Update: You could make the Enterprise theme song a lot more bearable by replacing key lyrics with old episode titles from these lists:

'Cause I got dark side of heart
Goin' gorgeous transfiguration
I got Earth martial law
I can Rom's mutiny
I got terrible people-weapon
No one's gonna stolen Spock's brain
I can nature regression
I got dark (I got dark)
I got daaaaark...
Dark side of heart

: Let's clean out the Star Trek bin while we're at it. Sumana wrote an article on Enterprise for Salon, which is very good despite the too-flippant ending. Hooray for her!

Now it's time for the Nitpicking Fanboy Roundup, with your host, Bob the Tholian.

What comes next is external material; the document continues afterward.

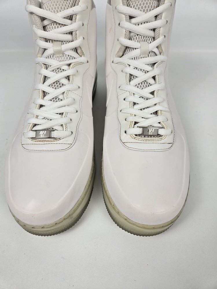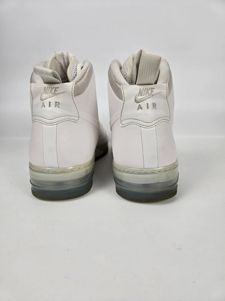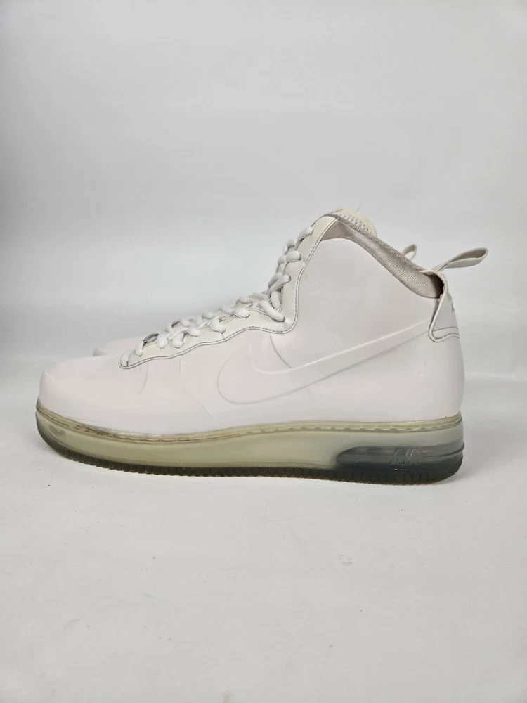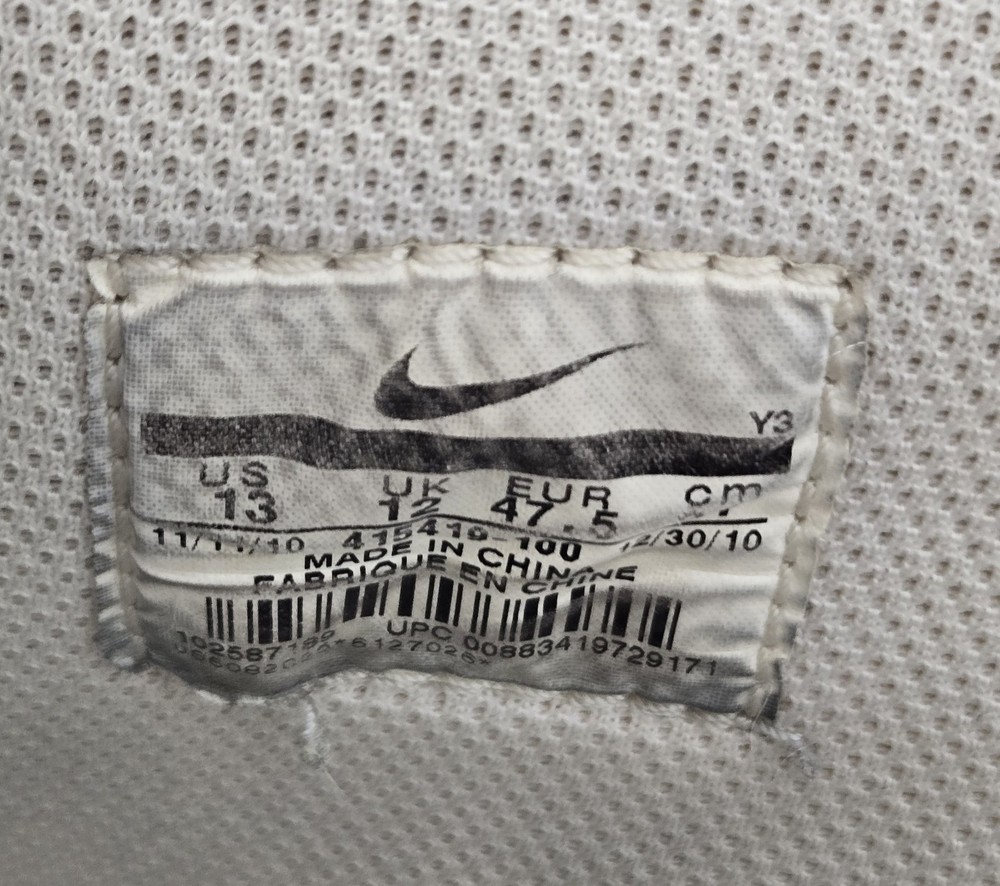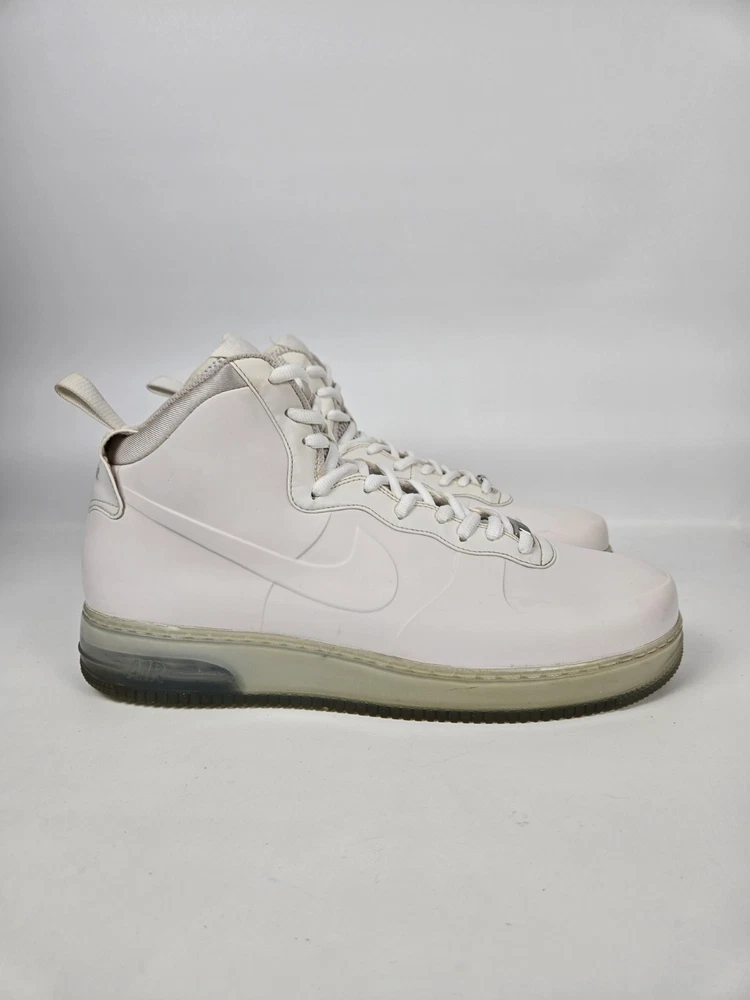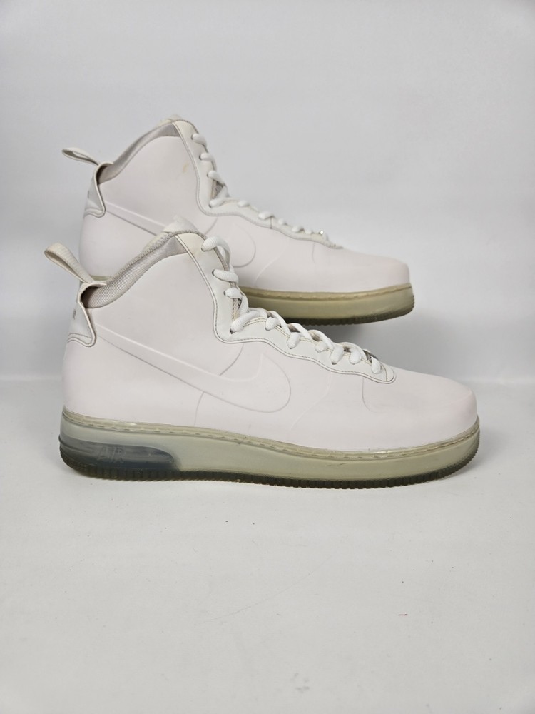 Shoe Shaft Style: High Top Model: Nike Air Force 1 Customized: No Year Manufactured: 2010 Color: White Style: Sneaker Brand: Nike Style Code: 415419-100 EU Shoe Size: 47.5 Pattern: Solid Vintage: No Country of Origin: China Type: Athletic Closure: Lace Up UK Shoe Size: 12 Occasion: Activewear, Casual US Shoe Size: 13 Upper Material: Foamposite Features: Ankle Strap Product Line: Nike Air Force Performance/Activity: Basketball, Walking Department: Men Release Year: 2010

Today we take a look at the angry mob that descended upon your humble webmaster after he posted some random observations on Star Trek. A two-person mob can be pretty nasty, let me tell you. First up is everyone's favorite Kiwi fanboy, Joe Mahoney, self-described "owner of many a Star Trek reference book", who writes:

TOS also had Dr M'Benga on the medical staff - a specialist in Vulcan physiology he appeared in two separate episodes so he's at least as legit a character as Yeoman Rand or barclay in TNG/Voyager

Barclay was in Voyager? Did he get transferred and nobody noticed him for years and years? Seems about right.

Then we have Brendan, whose weblog is currently broken and who writes:

Actually, the doctor from Voyager showed up, albeit in a cameo, in First Contact. Crusher used him to distract some Borgs; he nervously asked if he could prescribe them some skin cream. Anyway, I'm pretty sure that movie is canon. The holodoc lives!

I'm Bob the Tholian. Until next time, fear my mighty web!

Tiny Cooking Tip: Do not use green onions in a pasta sauce. It will make the leftover pasta sauce inedible the next day because the onions will get slimy and taste gross. Use white or yellow onions instead, or the little brown ones. (I have not actually had the courage yet to try using the little brown ones, which is pretty silly, but you go ahead and use them.)